DESCRIPTION OF THE TASK:
The listing below is to be given again in full and word for word, without its images.

THE DATA:
--------------------------------------------------

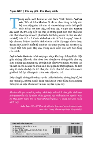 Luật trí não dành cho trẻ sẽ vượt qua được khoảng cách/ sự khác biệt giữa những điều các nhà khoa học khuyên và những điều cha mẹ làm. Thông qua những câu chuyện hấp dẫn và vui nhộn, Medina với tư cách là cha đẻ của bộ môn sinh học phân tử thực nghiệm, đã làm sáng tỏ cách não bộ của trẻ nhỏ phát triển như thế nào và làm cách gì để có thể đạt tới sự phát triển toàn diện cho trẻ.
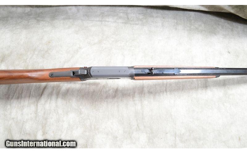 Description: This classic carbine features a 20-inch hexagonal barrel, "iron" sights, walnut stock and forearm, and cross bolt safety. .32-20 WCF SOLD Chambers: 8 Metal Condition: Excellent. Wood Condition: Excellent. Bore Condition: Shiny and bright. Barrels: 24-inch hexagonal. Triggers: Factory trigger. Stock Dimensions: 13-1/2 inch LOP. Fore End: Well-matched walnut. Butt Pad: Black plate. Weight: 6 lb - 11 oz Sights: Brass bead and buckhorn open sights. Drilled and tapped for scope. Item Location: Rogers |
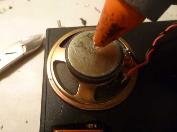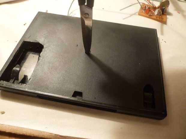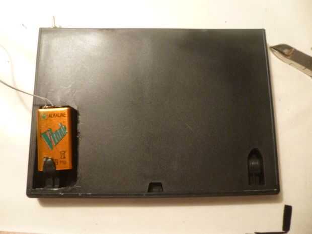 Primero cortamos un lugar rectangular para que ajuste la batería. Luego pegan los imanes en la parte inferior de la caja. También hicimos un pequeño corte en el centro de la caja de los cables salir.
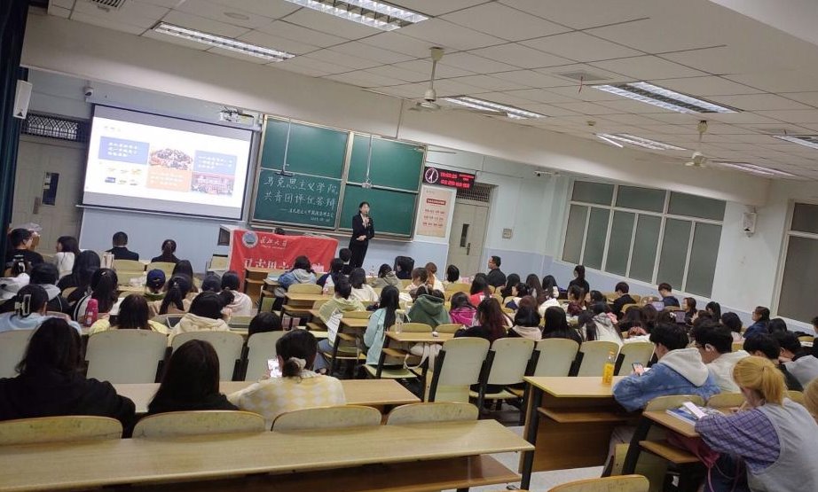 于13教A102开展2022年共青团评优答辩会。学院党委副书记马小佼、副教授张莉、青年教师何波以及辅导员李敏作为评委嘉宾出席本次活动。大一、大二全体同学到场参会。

--------------------------------------------------

OUTPUT FOR THIS TASK:
 Luật trí não dành cho trẻ sẽ vượt qua được khoảng cách/ sự khác biệt giữa những điều các nhà khoa học khuyên và những điều cha mẹ làm. Thông qua những câu chuyện hấp dẫn và vui nhộn, Medina với tư cách là cha đẻ của bộ môn sinh học phân tử thực nghiệm, đã làm sáng tỏ cách não bộ của trẻ nhỏ phát triển như thế nào và làm cách gì để có thể đạt tới sự phát triển toàn diện cho trẻ.
 Description: This classic carbine features a 20-inch hexagonal barrel, "iron" sights, walnut stock and forearm, and cross bolt safety. .32-20 WCF SOLD Chambers: 8 Metal Condition: Excellent. Wood Condition: Excellent. Bore Condition: Shiny and bright. Barrels: 24-inch hexagonal. Triggers: Factory trigger. Stock Dimensions: 13-1/2 inch LOP. Fore End: Well-matched walnut. Butt Pad: Black plate. Weight: 6 lb - 11 oz Sights: Brass bead and buckhorn open sights. Drilled and tapped for scope. Item Location: Rogers |
 Primero cortamos un lugar rectangular para que ajuste la batería. Luego pegan los imanes en la parte inferior de la caja. También hicimos un pequeño corte en el centro de la caja de los cables salir.
 于13教A102开展2022年共青团评优答辩会。学院党委副书记马小佼、副教授张莉、青年教师何波以及辅导员李敏作为评委嘉宾出席本次活动。大一、大二全体同学到场参会。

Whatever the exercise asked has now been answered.